Born in Calabria, Italy, Commisso moved to the United States at age 12 and graduated from Mount Saint Michael Academy in the Bronx in 1967. Growing up a soccer fan, it was at Columbia University that Commisso truly fell in love with the sport, playing for the Columbia Lions from 1967 to 1970 and serving as co-captain of the 1970 team that made Columbia’s first-ever appearance in the NCAA playoffs. The Columbia football venue is now called Rocco B. Commisso Football Stadium.

He began his professional career at Pfizer in Brooklyn, before turning to finance after obtaining his MBA from Columbia in 1975. After stints at Chase Manhattan Bank, Royal Bank of Canada, where he specialized in lending to companies in the communications sector, he joined Cablevision, eventually becoming its chief financial officer and director. After Cablevision sold to Time Warner for $2.2 billion, Commisso founded Mediacom.

“What I anticipated was that sooner or later we would be deregulated and there was a great opportunity to succeed in the smaller markets of the United States, the rural markets, largely because no one wanted it,” he said. 60 minutes.

A member of the Broadcasting & Cable Hall of Fame, the Cable Center Hall of Fame and the Columbia University Athletics Hall of Fame, Commisso has also received the Life Achievement Award from the National Italian American Foundation, the Ellis Island Medal of Honor and the Vanguard Award for Distinguished Leadership, the cable industry’s highest honor.

He was also active in the cable company community, serving on the boards of the National Cable & Telecommunications Association and C-SPAN.

But he never gave up football.

He acquired the New York Cosmos soccer team in 2017 and, two years later, bought the famous Serie A team, ACF Fiorentina, for $170 million.

“Football was his passion, and Fiorentina became his passion seven years ago, when Rocco took charge of the Viola club and began to love its fans, its colors and the city of Florence,” the team said. “‘Call me Rocco,’ he simply told everyone, with his extraordinary empathy.”

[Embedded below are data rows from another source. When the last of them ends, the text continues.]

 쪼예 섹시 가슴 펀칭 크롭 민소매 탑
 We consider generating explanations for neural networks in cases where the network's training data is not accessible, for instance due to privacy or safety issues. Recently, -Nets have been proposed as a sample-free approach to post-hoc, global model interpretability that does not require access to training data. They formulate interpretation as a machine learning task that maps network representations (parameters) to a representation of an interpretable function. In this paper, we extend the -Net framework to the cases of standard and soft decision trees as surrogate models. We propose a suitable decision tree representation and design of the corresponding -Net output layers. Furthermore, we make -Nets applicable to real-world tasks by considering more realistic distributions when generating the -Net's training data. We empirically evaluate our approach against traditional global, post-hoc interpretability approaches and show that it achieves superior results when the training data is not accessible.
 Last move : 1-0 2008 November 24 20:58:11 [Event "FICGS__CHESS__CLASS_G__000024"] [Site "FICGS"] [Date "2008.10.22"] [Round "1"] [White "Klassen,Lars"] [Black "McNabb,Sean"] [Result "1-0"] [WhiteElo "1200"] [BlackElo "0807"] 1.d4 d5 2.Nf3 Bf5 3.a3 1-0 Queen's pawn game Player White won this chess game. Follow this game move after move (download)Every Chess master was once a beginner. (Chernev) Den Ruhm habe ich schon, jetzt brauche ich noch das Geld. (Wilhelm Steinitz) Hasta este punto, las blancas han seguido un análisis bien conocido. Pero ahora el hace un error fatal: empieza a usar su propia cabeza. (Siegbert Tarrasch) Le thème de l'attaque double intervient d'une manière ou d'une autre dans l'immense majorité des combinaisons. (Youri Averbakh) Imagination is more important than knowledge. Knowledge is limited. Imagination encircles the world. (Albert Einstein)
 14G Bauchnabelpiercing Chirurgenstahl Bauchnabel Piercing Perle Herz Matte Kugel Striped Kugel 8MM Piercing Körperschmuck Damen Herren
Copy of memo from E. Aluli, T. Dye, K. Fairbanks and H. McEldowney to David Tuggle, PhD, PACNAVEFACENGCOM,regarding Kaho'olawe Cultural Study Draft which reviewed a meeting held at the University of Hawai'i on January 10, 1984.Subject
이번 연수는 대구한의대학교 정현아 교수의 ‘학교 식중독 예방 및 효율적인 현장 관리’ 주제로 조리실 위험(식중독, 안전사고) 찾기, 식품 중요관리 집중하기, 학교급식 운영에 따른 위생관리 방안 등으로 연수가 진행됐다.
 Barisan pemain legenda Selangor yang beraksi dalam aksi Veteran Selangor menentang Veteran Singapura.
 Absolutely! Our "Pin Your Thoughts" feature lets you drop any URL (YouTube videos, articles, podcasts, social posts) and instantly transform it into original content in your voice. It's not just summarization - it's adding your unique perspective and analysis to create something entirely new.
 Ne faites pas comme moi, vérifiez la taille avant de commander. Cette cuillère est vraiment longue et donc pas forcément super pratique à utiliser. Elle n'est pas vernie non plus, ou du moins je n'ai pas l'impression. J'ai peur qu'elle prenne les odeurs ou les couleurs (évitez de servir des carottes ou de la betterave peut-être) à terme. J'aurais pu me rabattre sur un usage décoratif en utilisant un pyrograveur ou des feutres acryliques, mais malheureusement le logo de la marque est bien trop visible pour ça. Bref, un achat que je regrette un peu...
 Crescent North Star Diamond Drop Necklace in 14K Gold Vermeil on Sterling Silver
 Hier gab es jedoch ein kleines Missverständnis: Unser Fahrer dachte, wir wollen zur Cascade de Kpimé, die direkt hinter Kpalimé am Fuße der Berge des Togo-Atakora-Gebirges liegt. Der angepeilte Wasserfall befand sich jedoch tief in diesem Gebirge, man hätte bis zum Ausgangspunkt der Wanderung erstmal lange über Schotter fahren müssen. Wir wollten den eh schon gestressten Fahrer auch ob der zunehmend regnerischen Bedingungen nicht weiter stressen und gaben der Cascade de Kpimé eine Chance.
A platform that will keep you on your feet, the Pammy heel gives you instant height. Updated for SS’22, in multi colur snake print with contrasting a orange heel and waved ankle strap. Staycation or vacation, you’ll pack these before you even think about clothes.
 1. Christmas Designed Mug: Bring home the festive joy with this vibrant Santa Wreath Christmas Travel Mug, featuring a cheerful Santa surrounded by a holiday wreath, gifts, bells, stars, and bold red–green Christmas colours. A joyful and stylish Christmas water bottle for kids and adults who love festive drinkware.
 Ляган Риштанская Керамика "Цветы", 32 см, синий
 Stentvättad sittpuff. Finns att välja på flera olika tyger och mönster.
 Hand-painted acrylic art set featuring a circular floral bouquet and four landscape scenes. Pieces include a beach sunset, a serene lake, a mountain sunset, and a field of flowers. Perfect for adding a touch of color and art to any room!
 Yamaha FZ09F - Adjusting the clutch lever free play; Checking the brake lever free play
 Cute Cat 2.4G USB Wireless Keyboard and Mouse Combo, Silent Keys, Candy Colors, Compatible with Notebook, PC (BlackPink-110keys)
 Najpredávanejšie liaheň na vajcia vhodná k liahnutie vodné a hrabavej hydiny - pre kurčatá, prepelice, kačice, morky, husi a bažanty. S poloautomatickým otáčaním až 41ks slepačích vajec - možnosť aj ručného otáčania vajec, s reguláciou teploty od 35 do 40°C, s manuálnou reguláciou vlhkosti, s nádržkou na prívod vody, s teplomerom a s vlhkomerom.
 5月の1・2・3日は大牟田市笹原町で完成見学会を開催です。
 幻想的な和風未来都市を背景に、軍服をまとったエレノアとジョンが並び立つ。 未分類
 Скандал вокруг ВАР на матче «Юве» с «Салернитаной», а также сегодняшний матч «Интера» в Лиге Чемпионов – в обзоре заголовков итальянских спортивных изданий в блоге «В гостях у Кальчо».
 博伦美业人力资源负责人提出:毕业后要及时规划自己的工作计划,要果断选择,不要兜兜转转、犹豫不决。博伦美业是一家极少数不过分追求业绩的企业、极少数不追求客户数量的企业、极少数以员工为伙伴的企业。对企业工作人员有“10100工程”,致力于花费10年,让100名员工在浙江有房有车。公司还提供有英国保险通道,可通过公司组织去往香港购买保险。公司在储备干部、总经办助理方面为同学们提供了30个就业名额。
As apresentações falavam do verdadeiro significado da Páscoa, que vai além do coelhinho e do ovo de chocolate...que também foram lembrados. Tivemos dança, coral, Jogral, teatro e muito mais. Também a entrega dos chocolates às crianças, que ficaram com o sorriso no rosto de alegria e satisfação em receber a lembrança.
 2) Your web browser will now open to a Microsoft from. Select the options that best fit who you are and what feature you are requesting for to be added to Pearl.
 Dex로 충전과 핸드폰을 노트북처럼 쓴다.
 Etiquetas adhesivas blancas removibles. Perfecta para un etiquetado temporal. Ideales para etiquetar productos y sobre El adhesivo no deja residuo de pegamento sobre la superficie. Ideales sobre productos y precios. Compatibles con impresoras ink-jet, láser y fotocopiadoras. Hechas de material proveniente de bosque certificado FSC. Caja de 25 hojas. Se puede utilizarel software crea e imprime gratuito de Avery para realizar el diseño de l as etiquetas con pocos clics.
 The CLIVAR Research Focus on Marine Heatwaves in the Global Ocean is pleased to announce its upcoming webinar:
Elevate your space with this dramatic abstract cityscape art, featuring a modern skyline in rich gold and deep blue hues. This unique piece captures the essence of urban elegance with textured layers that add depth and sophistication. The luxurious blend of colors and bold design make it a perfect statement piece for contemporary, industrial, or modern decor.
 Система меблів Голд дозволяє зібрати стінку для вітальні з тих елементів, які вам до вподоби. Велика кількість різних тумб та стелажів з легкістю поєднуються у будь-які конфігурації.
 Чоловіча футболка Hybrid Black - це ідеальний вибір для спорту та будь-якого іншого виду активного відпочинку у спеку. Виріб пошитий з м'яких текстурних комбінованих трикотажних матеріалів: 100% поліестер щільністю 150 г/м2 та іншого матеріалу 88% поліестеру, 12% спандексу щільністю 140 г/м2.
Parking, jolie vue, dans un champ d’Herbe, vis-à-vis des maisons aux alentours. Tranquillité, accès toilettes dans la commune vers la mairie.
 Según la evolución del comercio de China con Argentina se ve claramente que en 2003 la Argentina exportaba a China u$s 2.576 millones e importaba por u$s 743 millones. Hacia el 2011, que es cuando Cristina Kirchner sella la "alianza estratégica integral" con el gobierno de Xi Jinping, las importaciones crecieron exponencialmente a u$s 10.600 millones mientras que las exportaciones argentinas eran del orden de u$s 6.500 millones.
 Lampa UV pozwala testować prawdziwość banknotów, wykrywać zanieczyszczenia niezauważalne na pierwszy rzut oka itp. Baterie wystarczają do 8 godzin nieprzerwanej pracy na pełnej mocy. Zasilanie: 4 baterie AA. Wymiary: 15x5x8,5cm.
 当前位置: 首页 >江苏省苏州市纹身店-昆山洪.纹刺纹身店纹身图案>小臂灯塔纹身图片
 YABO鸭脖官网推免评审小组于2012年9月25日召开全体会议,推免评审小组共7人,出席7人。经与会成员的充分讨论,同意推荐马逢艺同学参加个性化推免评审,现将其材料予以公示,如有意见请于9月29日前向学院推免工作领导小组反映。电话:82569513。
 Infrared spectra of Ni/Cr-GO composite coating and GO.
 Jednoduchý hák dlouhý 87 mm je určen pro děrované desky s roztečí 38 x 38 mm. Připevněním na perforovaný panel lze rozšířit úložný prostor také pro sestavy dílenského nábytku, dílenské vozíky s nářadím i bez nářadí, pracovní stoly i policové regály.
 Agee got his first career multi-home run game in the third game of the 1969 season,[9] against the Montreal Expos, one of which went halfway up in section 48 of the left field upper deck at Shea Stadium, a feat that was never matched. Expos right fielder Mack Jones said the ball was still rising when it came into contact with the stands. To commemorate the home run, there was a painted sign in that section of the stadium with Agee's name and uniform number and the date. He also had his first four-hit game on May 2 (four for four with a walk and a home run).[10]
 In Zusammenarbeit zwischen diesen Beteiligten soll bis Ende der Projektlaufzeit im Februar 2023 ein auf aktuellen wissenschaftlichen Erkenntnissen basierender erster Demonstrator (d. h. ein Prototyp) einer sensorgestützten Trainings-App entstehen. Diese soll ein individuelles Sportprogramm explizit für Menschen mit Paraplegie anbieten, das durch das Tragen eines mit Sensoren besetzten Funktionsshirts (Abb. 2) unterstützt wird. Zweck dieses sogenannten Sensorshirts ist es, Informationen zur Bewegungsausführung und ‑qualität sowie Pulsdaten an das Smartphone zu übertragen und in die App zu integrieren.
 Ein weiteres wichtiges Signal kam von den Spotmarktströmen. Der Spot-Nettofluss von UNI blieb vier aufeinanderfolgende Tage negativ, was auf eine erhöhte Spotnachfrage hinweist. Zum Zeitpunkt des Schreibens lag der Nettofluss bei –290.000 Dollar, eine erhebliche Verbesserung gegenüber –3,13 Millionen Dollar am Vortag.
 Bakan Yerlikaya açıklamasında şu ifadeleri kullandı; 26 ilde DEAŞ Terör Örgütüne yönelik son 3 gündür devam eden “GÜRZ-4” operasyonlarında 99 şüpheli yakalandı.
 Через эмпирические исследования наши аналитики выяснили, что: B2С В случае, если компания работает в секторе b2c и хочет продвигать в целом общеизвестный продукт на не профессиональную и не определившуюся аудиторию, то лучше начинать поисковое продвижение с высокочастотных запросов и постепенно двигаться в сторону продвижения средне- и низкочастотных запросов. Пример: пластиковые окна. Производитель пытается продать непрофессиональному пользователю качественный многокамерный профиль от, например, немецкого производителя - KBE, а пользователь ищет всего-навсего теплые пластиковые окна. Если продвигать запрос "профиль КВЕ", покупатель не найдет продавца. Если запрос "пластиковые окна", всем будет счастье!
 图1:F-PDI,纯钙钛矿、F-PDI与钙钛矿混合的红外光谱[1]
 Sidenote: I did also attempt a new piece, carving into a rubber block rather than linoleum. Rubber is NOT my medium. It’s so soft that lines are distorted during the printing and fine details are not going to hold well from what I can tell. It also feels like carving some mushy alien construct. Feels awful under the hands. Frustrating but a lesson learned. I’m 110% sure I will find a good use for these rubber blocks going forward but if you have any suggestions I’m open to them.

The pressure was on after his purchase, with Fiorentina having gone decades without a championship and with a wealthy American owner (although an immigrant from Italy) providing capital. The team became a priority, with Commisso becoming president in addition to his day job in New York running Mediacom.

“They can’t kick Rocco out of here, you know? They think they’re going to criticize me and throw me out. No, that can’t happen,” Commisso said. 60 minutes. “Rocco is a little different.”